Nothing but the lines below from the one containing "用帽子戏法帮助马竞4-1大胜" through the one containing "containing three old" should appear in the answer, exact and without pictures.

*Exercise inputs*.
======

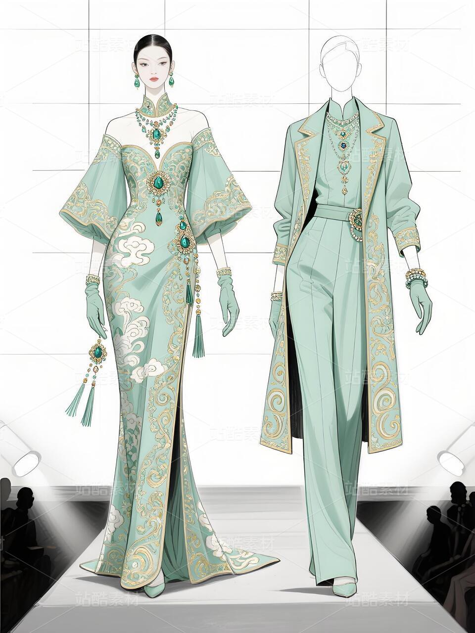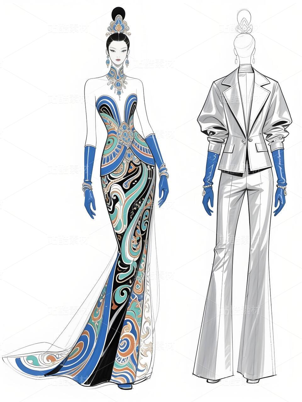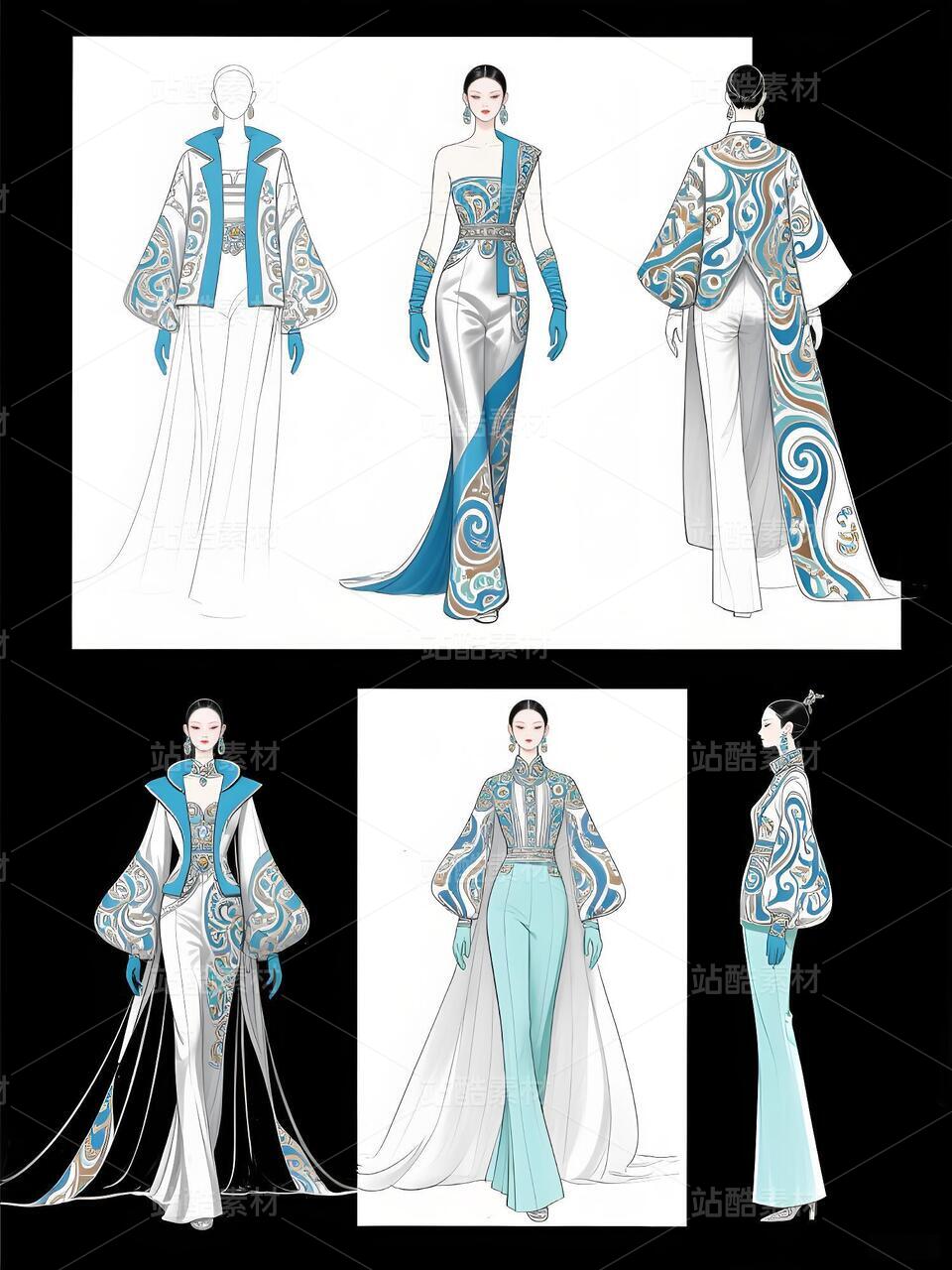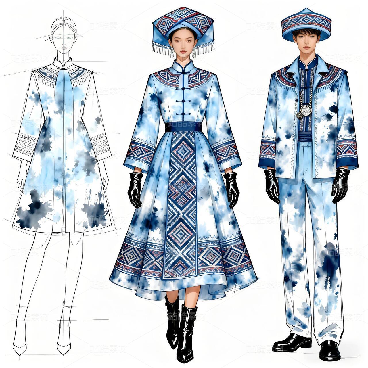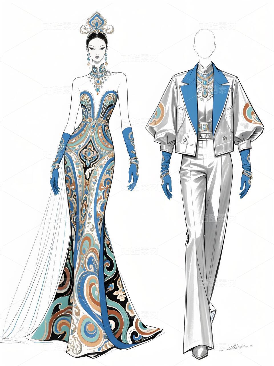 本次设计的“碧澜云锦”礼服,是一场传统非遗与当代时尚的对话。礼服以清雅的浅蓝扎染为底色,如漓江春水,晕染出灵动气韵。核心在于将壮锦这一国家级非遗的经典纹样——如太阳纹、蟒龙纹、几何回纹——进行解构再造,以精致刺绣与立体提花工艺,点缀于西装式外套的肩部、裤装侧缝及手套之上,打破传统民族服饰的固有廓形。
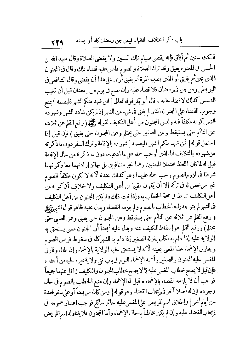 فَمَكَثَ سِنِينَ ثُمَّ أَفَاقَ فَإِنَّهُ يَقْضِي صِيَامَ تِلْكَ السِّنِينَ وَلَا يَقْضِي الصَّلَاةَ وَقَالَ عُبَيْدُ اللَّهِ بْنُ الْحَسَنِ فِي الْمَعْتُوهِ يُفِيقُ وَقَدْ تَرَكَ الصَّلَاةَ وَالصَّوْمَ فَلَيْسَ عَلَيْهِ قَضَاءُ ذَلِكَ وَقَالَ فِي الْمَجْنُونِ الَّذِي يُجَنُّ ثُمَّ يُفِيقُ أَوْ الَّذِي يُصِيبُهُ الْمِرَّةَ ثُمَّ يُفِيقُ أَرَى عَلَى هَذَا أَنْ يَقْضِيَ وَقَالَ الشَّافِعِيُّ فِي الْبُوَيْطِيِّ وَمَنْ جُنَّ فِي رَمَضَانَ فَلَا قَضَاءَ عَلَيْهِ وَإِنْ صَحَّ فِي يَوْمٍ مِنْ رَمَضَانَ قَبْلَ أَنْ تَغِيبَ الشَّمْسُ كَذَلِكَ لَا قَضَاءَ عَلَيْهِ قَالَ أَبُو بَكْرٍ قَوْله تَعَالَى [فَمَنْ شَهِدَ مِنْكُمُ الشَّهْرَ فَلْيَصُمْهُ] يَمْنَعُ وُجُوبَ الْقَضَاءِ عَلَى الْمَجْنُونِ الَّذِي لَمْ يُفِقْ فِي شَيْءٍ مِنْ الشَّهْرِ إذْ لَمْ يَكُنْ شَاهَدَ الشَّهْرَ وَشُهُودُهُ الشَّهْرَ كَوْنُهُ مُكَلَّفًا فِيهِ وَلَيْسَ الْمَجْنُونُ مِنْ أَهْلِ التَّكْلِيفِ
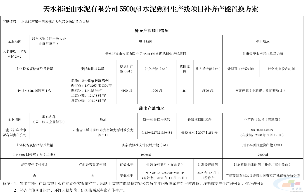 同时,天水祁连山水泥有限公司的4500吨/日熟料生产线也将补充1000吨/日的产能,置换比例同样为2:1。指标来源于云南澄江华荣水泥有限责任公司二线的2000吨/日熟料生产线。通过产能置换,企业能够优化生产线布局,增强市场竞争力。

======

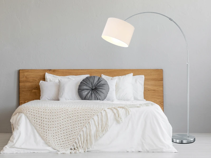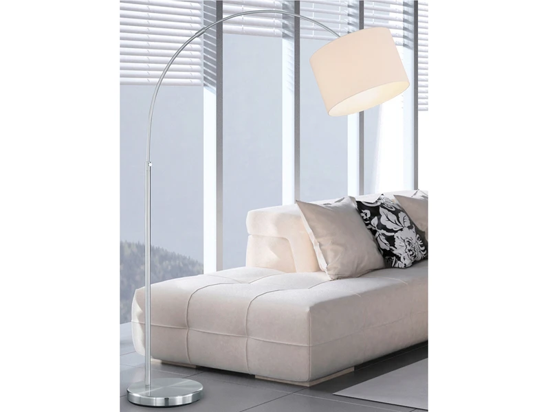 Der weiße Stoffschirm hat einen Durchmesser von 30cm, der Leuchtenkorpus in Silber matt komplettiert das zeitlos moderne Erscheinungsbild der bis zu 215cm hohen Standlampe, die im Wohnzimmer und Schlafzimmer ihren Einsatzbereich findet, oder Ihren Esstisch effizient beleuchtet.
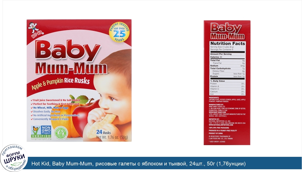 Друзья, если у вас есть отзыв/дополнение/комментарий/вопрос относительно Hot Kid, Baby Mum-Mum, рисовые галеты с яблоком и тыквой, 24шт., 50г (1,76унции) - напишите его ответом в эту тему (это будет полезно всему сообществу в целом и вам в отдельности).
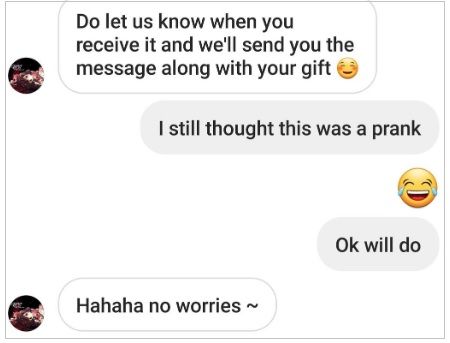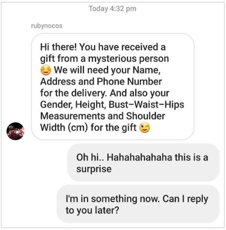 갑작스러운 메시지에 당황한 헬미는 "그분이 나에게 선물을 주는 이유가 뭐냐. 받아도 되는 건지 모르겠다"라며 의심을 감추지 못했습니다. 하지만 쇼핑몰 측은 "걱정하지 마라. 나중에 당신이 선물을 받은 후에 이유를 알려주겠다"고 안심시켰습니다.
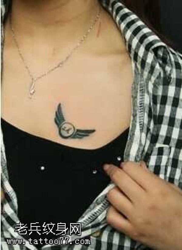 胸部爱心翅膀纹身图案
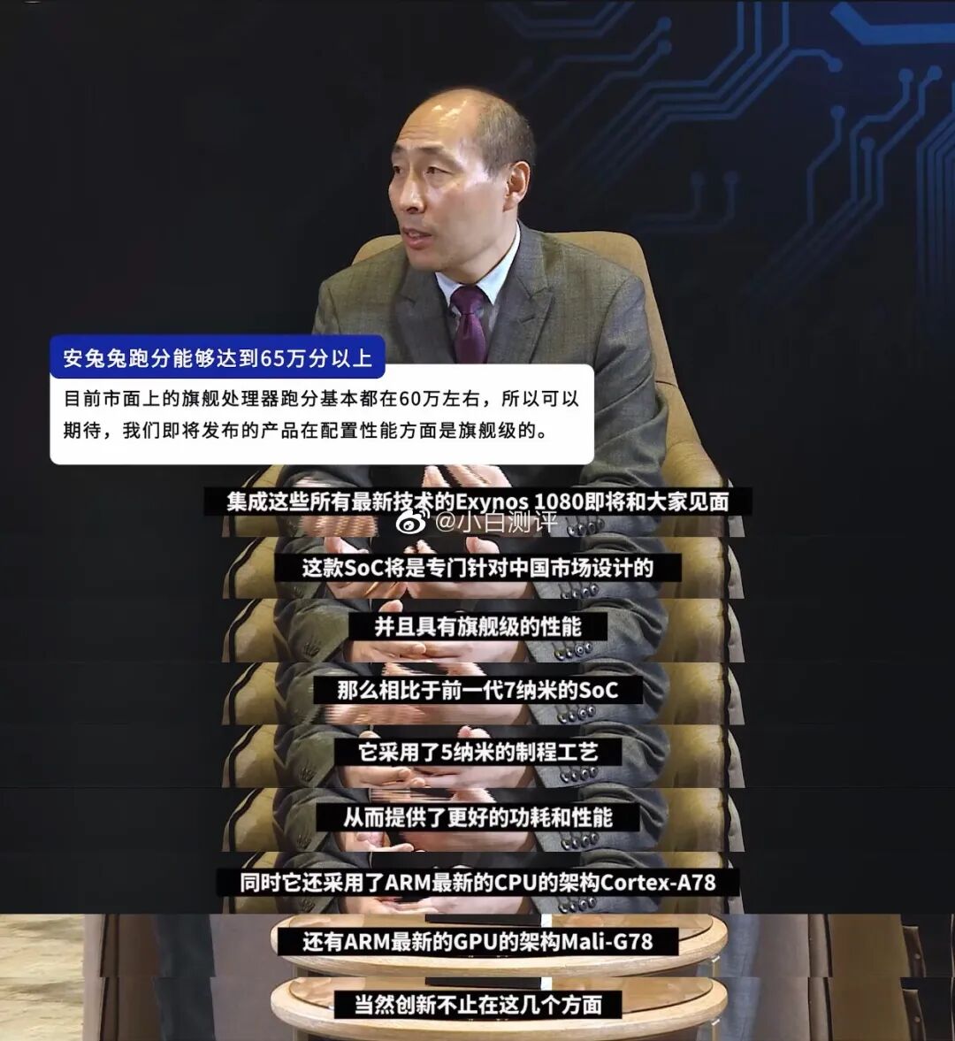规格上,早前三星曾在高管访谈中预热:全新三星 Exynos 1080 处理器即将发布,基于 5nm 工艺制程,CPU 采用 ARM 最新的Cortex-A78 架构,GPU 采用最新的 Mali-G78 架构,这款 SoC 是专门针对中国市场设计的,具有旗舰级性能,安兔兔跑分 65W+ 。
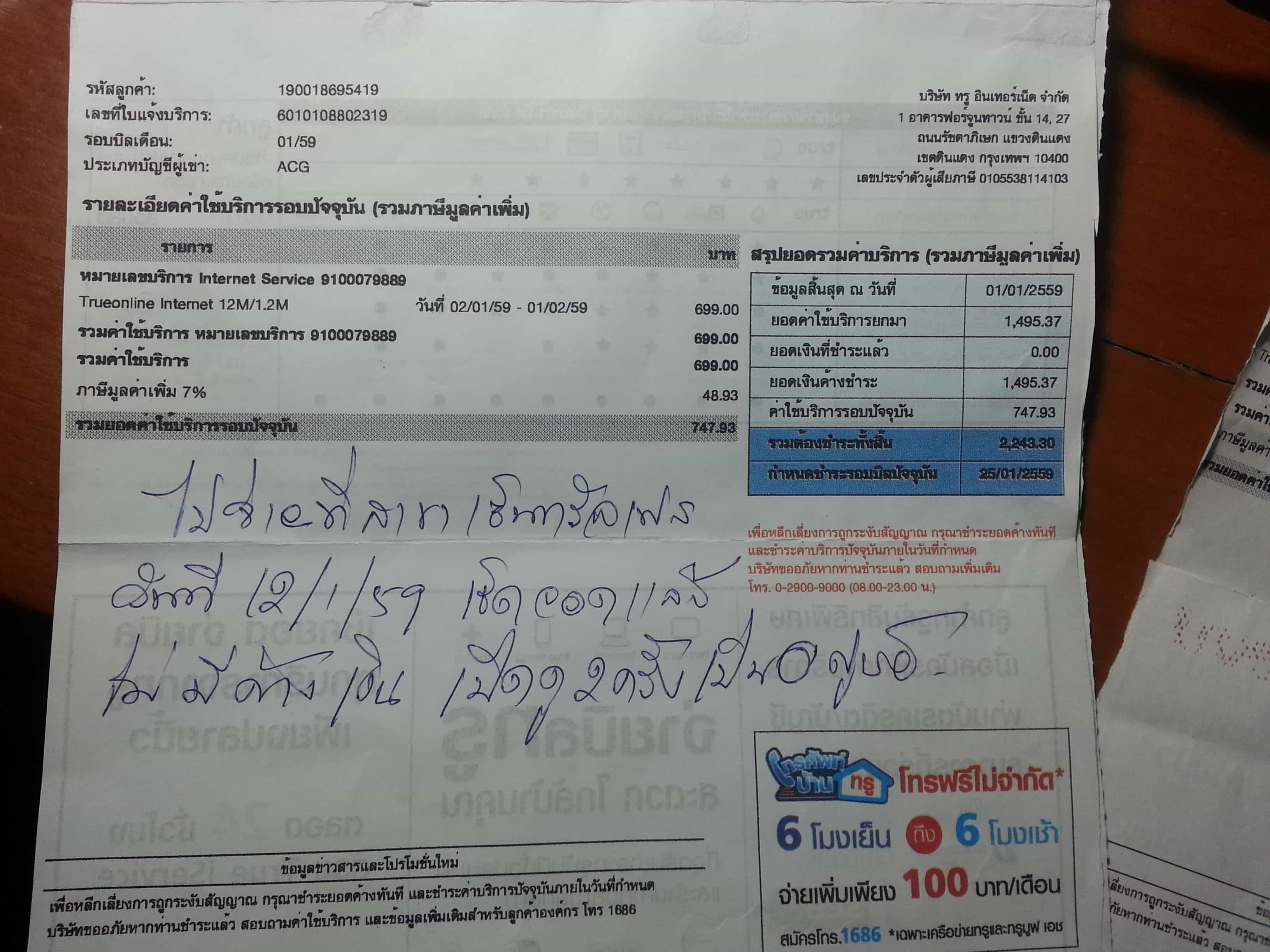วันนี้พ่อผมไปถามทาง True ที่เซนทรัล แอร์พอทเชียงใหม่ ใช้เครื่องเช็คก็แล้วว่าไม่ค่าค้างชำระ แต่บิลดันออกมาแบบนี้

======

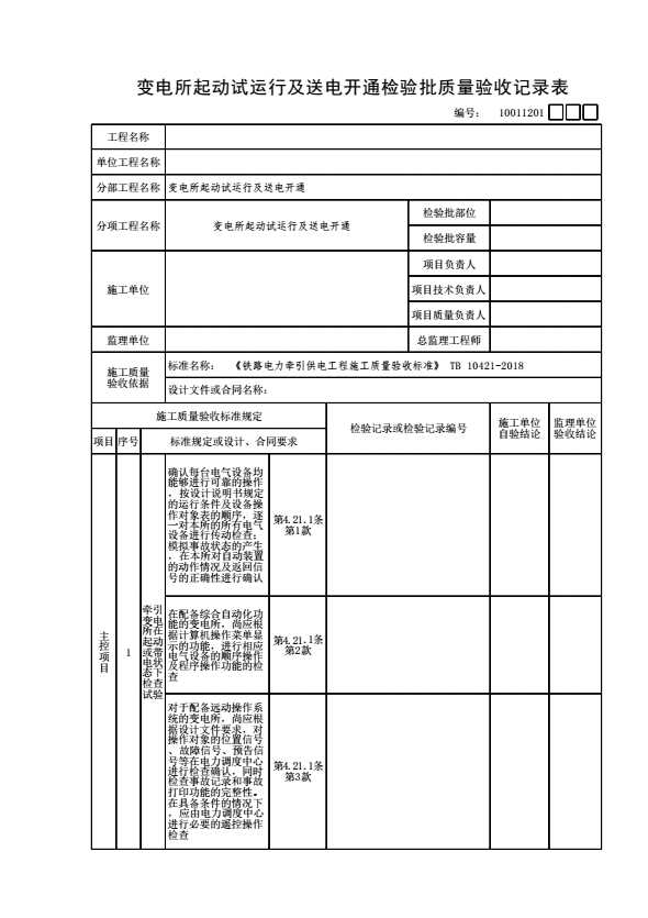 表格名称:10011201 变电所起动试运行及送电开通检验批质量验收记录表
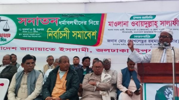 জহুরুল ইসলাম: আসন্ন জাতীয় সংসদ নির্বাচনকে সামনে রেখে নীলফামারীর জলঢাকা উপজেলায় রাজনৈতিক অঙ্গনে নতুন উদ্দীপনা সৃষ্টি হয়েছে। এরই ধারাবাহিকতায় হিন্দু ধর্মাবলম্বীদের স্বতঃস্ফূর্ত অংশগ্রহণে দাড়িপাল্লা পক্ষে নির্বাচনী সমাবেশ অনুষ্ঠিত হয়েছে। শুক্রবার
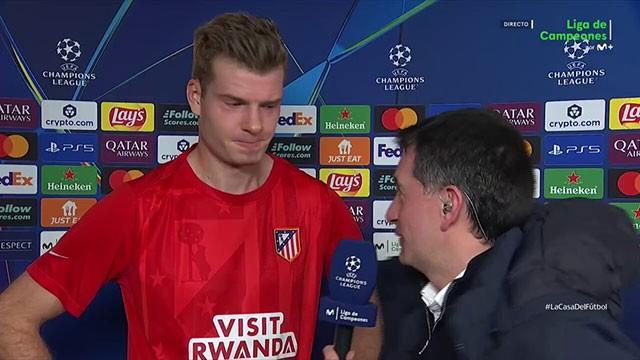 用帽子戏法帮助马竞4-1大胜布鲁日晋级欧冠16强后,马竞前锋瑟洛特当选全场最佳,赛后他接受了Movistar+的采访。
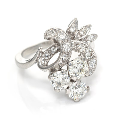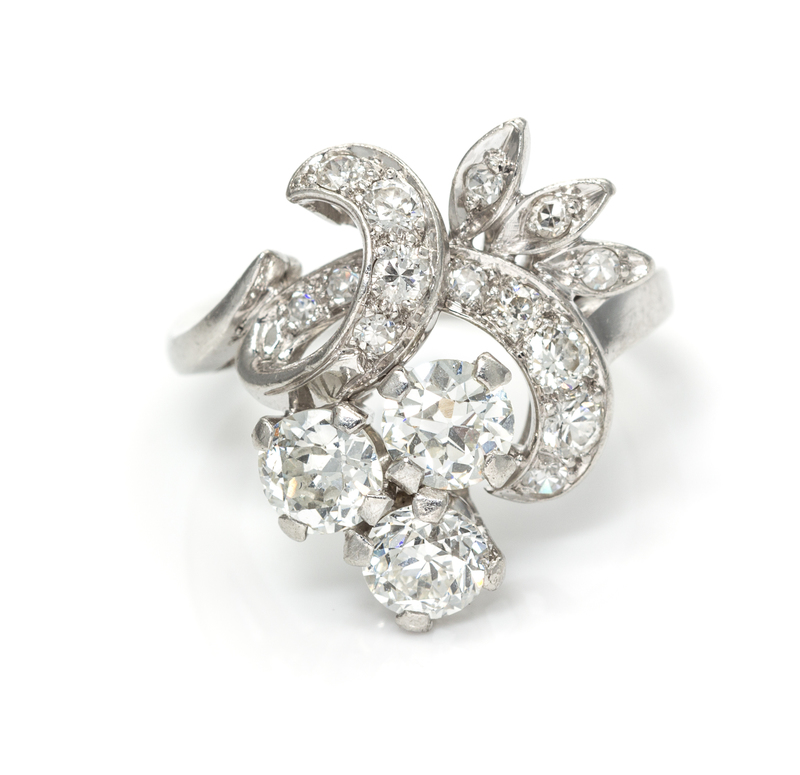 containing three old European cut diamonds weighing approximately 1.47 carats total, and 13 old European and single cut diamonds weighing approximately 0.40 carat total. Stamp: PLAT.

======

*Your solution*.
 用帽子戏法帮助马竞4-1大胜布鲁日晋级欧冠16强后,马竞前锋瑟洛特当选全场最佳,赛后他接受了Movistar+的采访。
 containing three old European cut diamonds weighing approximately 1.47 carats total, and 13 old European and single cut diamonds weighing approximately 0.40 carat total. Stamp: PLAT.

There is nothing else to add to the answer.